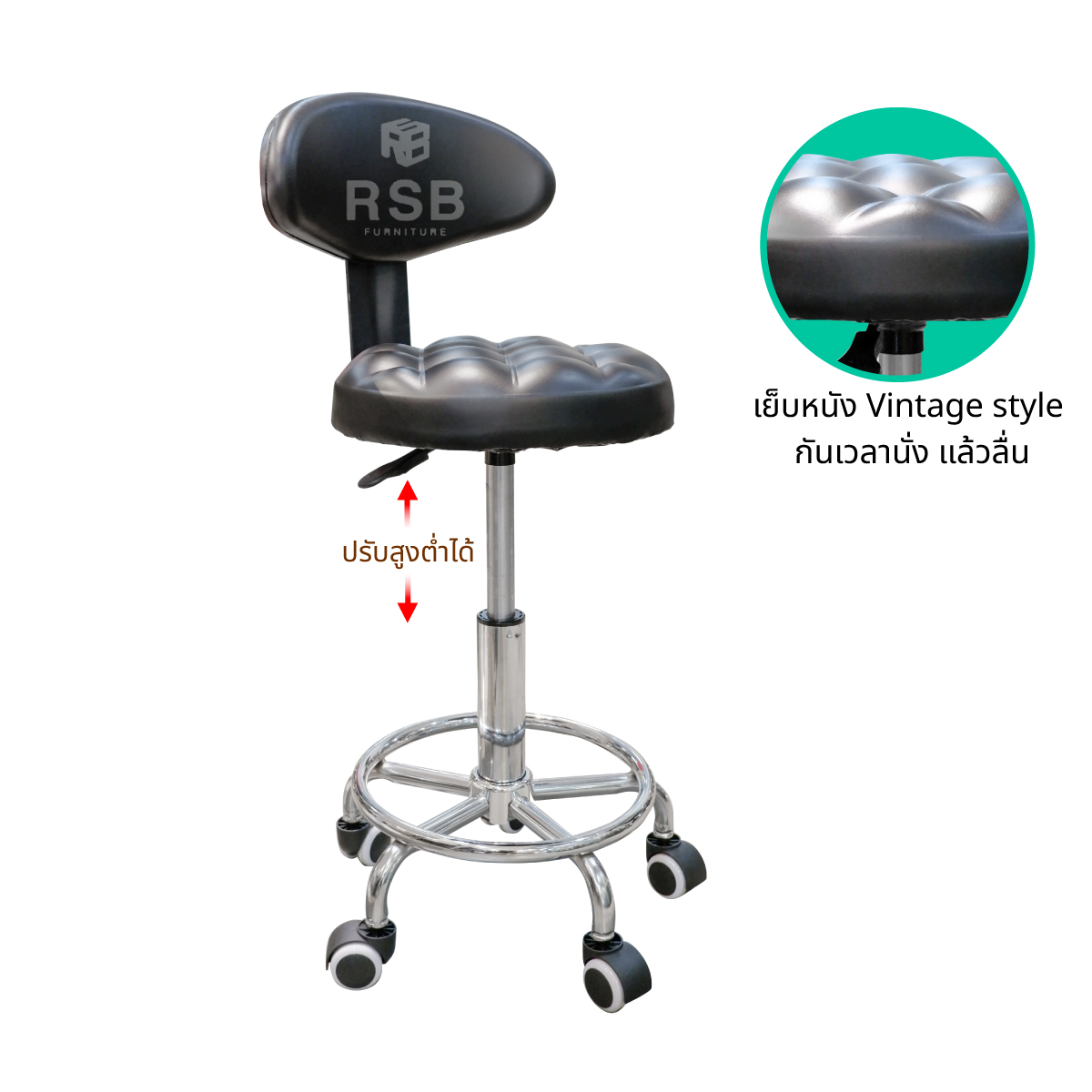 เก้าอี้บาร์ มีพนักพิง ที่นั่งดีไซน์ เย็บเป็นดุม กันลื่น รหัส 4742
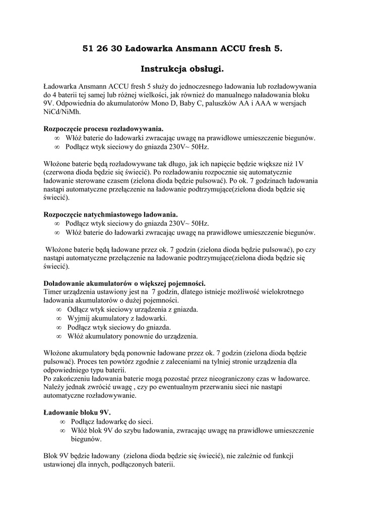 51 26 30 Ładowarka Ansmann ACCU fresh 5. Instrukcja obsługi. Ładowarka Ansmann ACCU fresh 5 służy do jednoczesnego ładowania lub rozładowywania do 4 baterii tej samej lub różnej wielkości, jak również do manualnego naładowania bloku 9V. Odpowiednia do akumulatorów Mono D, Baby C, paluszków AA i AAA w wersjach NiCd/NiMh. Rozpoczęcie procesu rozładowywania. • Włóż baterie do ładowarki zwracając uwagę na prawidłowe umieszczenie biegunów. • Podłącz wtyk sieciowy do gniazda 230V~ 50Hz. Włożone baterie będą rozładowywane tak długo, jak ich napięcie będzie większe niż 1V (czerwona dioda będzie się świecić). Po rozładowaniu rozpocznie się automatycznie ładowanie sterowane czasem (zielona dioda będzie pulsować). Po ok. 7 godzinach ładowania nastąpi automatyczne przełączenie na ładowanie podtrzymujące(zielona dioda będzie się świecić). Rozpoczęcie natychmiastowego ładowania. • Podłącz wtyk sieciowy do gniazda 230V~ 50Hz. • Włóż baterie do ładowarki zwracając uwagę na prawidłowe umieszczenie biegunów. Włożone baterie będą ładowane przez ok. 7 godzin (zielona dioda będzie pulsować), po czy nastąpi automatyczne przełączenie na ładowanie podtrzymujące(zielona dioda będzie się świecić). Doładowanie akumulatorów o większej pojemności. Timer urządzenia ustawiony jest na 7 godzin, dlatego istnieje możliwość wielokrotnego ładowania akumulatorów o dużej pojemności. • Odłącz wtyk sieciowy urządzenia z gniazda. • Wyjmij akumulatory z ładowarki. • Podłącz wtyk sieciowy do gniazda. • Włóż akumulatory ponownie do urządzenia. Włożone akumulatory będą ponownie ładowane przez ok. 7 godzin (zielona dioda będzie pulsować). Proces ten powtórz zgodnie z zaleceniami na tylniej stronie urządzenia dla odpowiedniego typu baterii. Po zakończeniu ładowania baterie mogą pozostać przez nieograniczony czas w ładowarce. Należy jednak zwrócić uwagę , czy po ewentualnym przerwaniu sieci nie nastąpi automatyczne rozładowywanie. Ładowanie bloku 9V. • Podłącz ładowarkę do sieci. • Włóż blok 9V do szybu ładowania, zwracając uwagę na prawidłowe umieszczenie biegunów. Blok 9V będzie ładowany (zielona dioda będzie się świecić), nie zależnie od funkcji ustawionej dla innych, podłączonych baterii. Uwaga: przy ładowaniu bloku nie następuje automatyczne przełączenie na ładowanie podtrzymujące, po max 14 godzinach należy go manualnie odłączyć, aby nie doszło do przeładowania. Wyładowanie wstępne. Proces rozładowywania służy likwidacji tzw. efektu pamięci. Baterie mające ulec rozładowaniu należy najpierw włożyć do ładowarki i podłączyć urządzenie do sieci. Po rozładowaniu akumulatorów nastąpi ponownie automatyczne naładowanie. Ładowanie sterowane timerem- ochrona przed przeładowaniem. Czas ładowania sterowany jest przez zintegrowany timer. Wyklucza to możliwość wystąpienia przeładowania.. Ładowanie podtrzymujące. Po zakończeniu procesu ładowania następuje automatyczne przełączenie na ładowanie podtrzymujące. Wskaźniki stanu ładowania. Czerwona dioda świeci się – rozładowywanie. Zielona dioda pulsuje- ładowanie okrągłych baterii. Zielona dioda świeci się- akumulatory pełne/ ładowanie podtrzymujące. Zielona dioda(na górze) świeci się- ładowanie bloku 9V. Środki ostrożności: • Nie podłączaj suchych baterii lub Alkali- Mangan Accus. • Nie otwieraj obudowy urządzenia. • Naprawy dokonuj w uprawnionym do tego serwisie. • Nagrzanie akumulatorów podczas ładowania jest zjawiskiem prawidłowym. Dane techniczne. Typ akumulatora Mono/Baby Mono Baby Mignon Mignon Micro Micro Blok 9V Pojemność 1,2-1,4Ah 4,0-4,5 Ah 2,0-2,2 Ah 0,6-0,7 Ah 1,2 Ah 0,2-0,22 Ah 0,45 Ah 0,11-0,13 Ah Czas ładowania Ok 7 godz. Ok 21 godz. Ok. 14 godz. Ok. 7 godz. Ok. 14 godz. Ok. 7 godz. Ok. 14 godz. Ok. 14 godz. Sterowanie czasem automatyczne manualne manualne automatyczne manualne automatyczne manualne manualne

---

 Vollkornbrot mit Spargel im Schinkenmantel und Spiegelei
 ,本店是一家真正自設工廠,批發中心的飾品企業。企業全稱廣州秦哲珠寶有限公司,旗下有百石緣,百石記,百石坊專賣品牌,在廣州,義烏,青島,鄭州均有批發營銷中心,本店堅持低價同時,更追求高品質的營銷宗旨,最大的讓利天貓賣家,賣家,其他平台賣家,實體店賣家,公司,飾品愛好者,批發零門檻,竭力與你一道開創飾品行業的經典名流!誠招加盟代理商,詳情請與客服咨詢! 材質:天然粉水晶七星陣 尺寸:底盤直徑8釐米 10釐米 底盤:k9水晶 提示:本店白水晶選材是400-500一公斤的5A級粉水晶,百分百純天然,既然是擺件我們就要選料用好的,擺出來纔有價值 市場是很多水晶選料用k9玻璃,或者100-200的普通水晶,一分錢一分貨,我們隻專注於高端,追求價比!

• Try it
Everything above from the line containing "Vollkornbrot mit Spargel" down to the line containing "材質:天然粉水晶七星陣 尺寸:底盤直徑8釐米 10釐米" is to be transcribed exactly, with both of those lines included and nothing else added.

• Response to the exercise
 Vollkornbrot mit Spargel im Schinkenmantel und Spiegelei
 ,本店是一家真正自設工廠,批發中心的飾品企業。企業全稱廣州秦哲珠寶有限公司,旗下有百石緣,百石記,百石坊專賣品牌,在廣州,義烏,青島,鄭州均有批發營銷中心,本店堅持低價同時,更追求高品質的營銷宗旨,最大的讓利天貓賣家,賣家,其他平台賣家,實體店賣家,公司,飾品愛好者,批發零門檻,竭力與你一道開創飾品行業的經典名流!誠招加盟代理商,詳情請與客服咨詢! 材質:天然粉水晶七星陣 尺寸:底盤直徑8釐米 10釐米 底盤:k9水晶 提示:本店白水晶選材是400-500一公斤的5A級粉水晶,百分百純天然,既然是擺件我們就要選料用好的,擺出來纔有價值 市場是很多水晶選料用k9玻璃,或者100-200的普通水晶,一分錢一分貨,我們隻專注於高端,追求價比!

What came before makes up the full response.